Alicante

En plena polémica por la limitación de boyas para el fondeo de embarcaciones en la isla de Tabarca (la única isla habitada de la Comunidad Valenciana), como han planteado los ecologistas, el Ayuntamiento de Alicante ha realizado un estudio sobre "la capacidad de carga" de la isla. En él, se destaca el buen estado de las reservas naturales y el patrimonio, pero se realizan propuestas para mejorar la situación de la isla.

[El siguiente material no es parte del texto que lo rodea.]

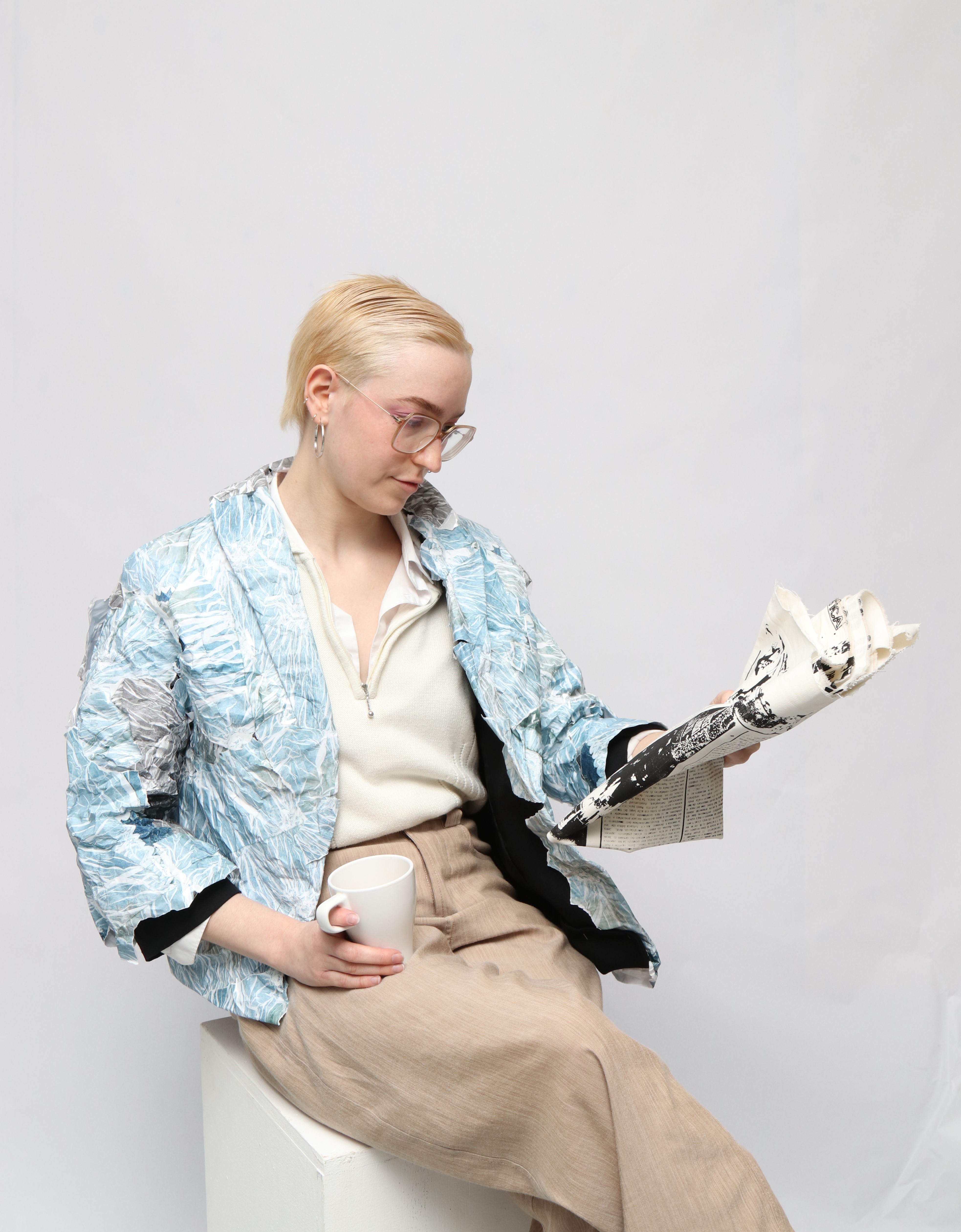 Jacket printed with offset print, fabric printed with silkscreen printing.
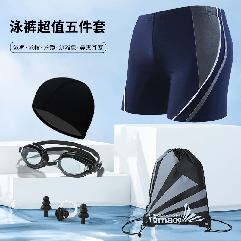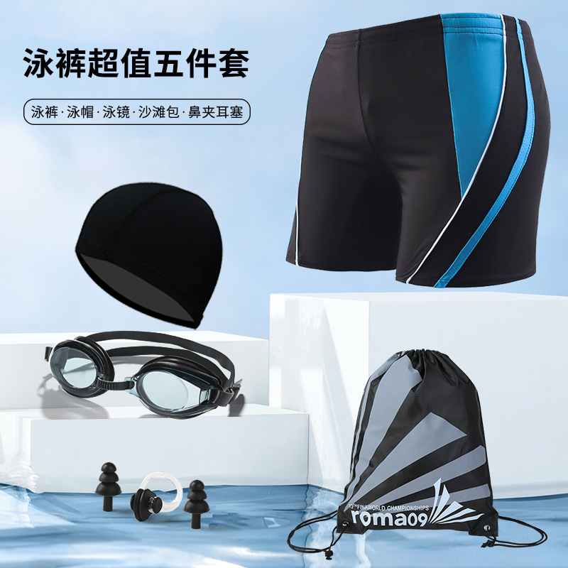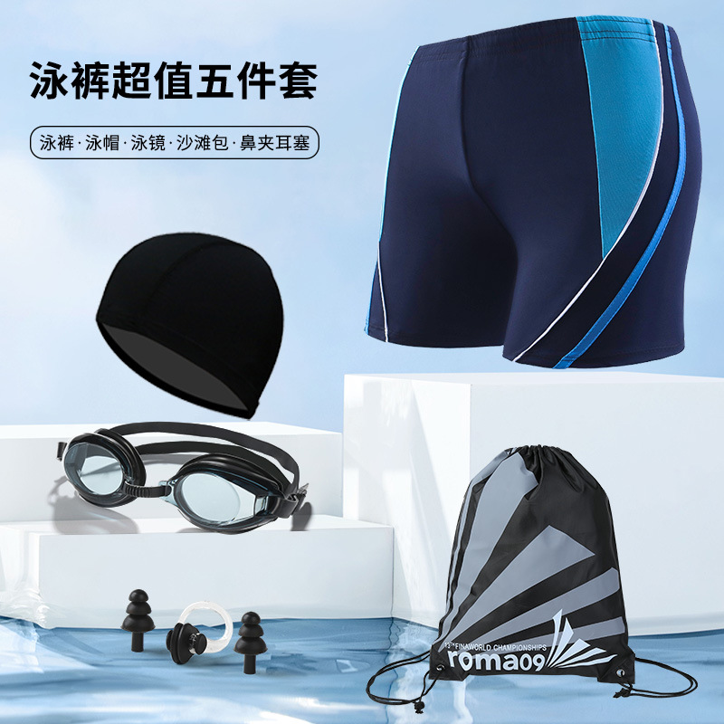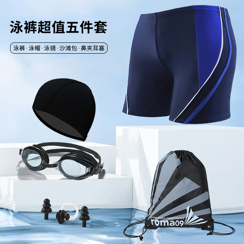 • 파란색 배경에 진한 파란색 [수영 트렁크 + 수영 모자 + 수영 고글 + 코 클립 귀마개 + 비치 백]

Gran parte de los problemas de la isla es que cualquier decisión depende de seis administraciones: Ministerio de Medio Ambiente (diferentes direcciones generales), Conselleria de Medio Ambiente, Conselleria de Cultura, Conselleria de Transportes, y Ayuntamiento de Alicante. Y es la Concejalía de Turismo del municipio, la única que está tratando de abrir un debate que tiene también que contar con vecinos, comerciantes, hosteleros y empresarios de las "tabarqueras".

En el documento se establece claramente que "está extendida la idea de que la isla se encuentra saturada de visitantes durante el periodo estival, y un reconocimiento mayoritario que, en verano, tanto la satisfacción del visitante como la calidad de los servicios que se les proporciona, es mayor cuando hay una menor aglomeración de personas".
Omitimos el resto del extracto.